Some years before – the boy has strung a rope between two trees, about knee height and he’s practicing his tightrope walk, he falls, and starts again, he perseveres. When he fights with Sepp, twice as old, three times heavier and five times as strong Sepp grinds his face into the dirt. When Tyll extracts his revenge Sepp nearly kills him, Tyll is not like the others. When Dr. Oswald Tesimond of the society of Jesus arrives Tyll’s father Claus naively incriminates himself in the eyes of the Jesuit. Others are ensnared, Hanna Krell makes her confession and condemns Claus as a warlock. A cupboard is;
“… now the interrogation room in which master Tilman and Dr. Tesimond worked day after day on luring the truth out of the old woman.”
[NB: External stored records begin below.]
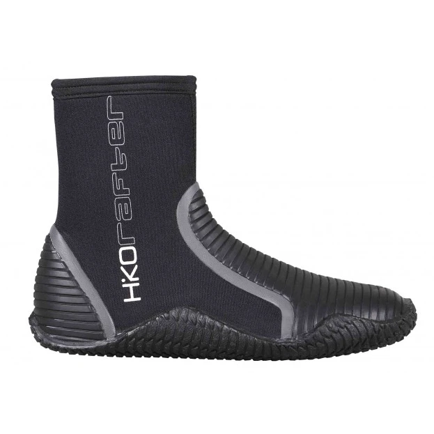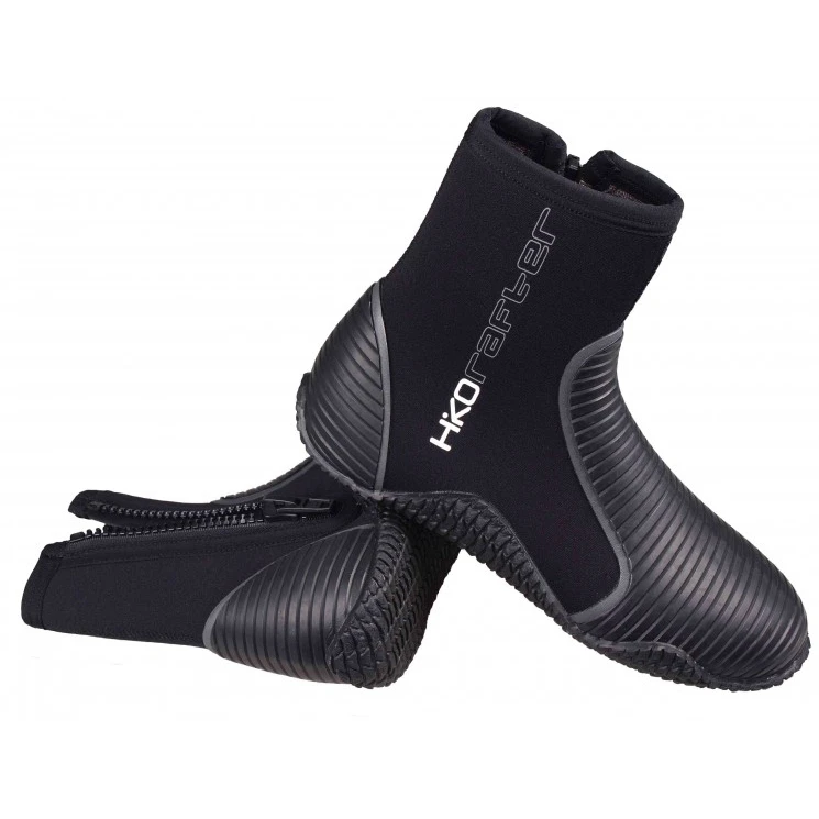 Hoher Neoprenstiefel Hiko Rafter aus 5 mm starkem Neopren mit verstärkter Sohle verfügen über Verstärkungen die Zehen, Ferse und den gesamten Spann schützen. Seitlicher Reißverschluss.
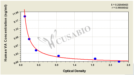 通過(guò)線性范圍來(lái)計(jì)算出實(shí)際的檢測(cè)樣本值,定量試劑盒標(biāo)準(zhǔn)曲線的相關(guān)系數(shù)R大于0.99。以CSB-E07270h(人脂聯(lián)素(ADP)ELISA Kit)為例的標(biāo)準(zhǔn)曲線。
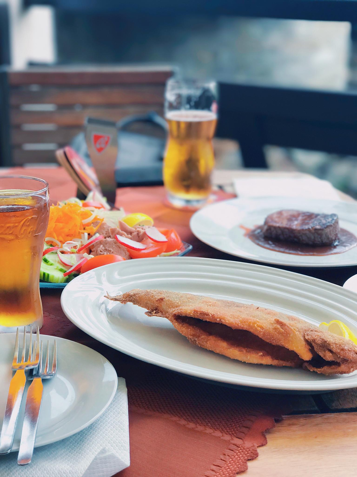 3.捷克ck小镇的parkan推荐理由:边看城堡边吃东西,烤鱼特别美味在"理发师桥"附近,大鱼大肉,有酒有菜。上图:
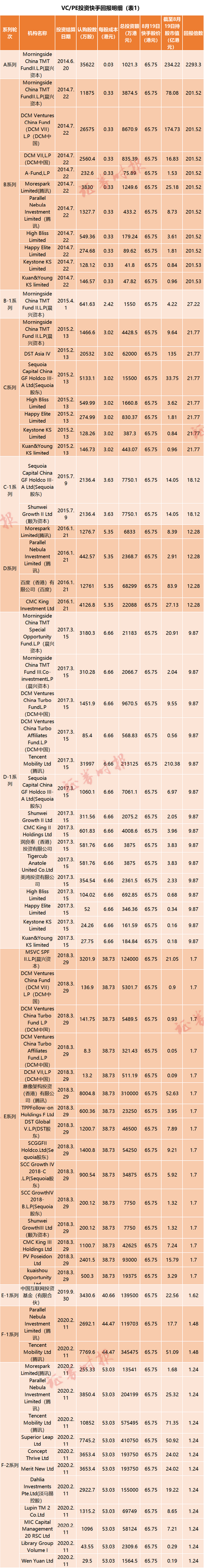 参与B轮的投资机构,投资回报倍数为202倍,B-1轮的投资回报倍数约27倍,投资收益累计达到314亿港元。C轮的投资机构整体回报在18倍~22倍之间,投资收益累计204亿港元。D轮的投资机构整体回报倍数在9~13倍之间,E轮投资人则在1.7倍左右,F轮回报最少,1.2~1.5倍左右,但考虑到F轮投资机构的时间成本只有1年,因此,该投资回报率亦可观(表1)。
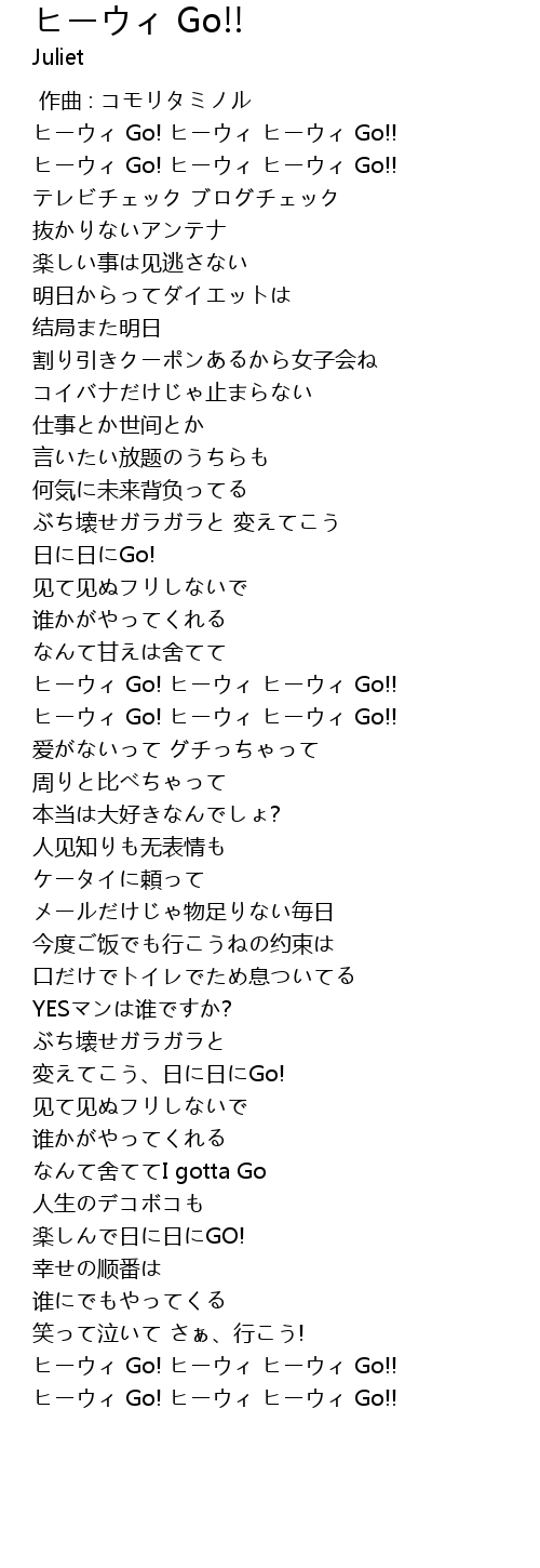 | [00:10.29] | ヒーウィ Go! ヒーウィ ヒーウィ Go!! |
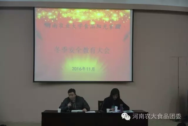 在文化路校区三百人报告厅召开冬季学生安全教育工作会议,院团委副书记杨光,院辅导员孟子晴出席会议,全院各班班委参加会议。
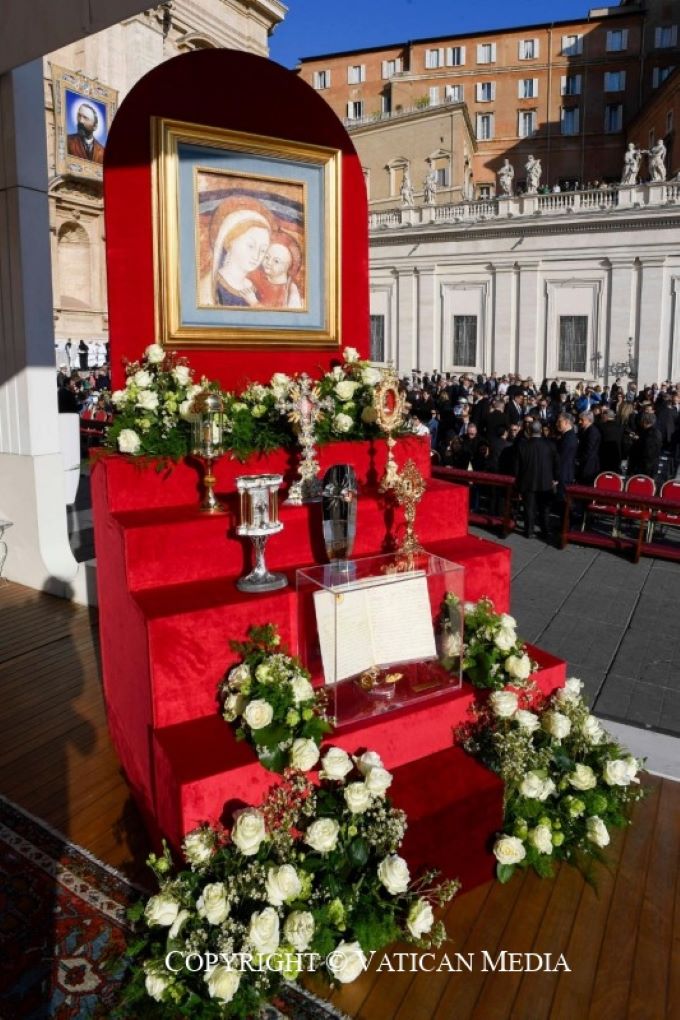 Durante el rito, las reliquias de cada uno de ellos fueron colocadas junto al altar, bajo los pies de la imagen de Nuestra Señora del Buen Consejo, en signo de comunión y veneración.
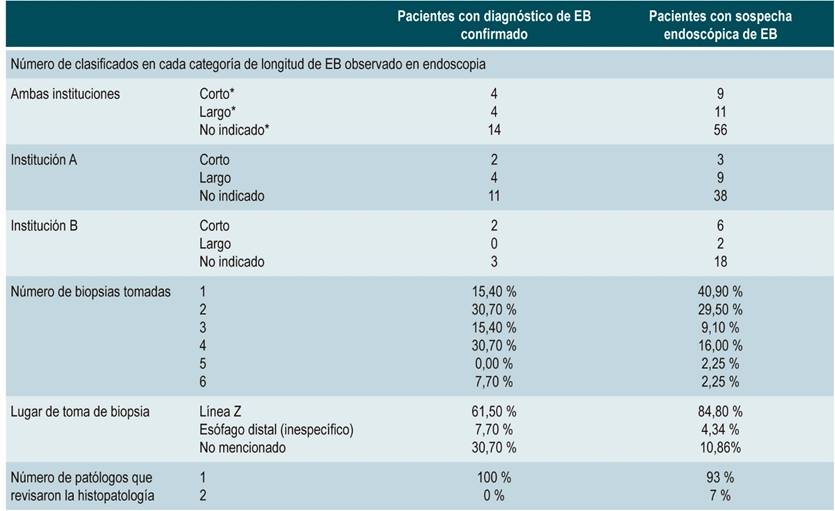Todo ello podría sugerir que las características endoscópicas del EB no son muy predictivas para el diagnóstico, que estas son muy variables (que se tratan del EB de segmento corto o incluso focal, lo cual dificulta una toma de biopsia precisa) o bien que no se ha tomado un número adecuado de biopsias en relación con el tamaño del posible EB observado (dato que no podemos conocer con certeza, puesto que en el 63 % no se mencionó la longitud del segmento observado).

Tyll is smart enough to know that the inquisitor is looking at him too. He decides to leave, then and there, no fuss. So begins the adventurous life of Tyll, court jester. He meets Elizabeth of England before she becomes queen, Adam Olearius the court mathematician of Gottorf, the exiled king Frederik V and Queen of Bohemia, Dr Kircher the draconologist, and the Holy Roman Emperor. He is a witness to the hunger, violence, intolerance, pestilence and death.
This is a tale of harsh times, a compassionate and empathetic portrait of a chancer, a man of his times who seized the nettle. The tale of the girl who rejects his offer is one short passage in the book but it speaks so poignantly of the lot of peasants, the masses at the time, of what might have been by did not come to pass. The multiple voices add balance and perspective to the story as folklore blends with real history. Tyll is superbly translated by Ross Benjamin, the humour and vibrancy of the story sing out from the pages.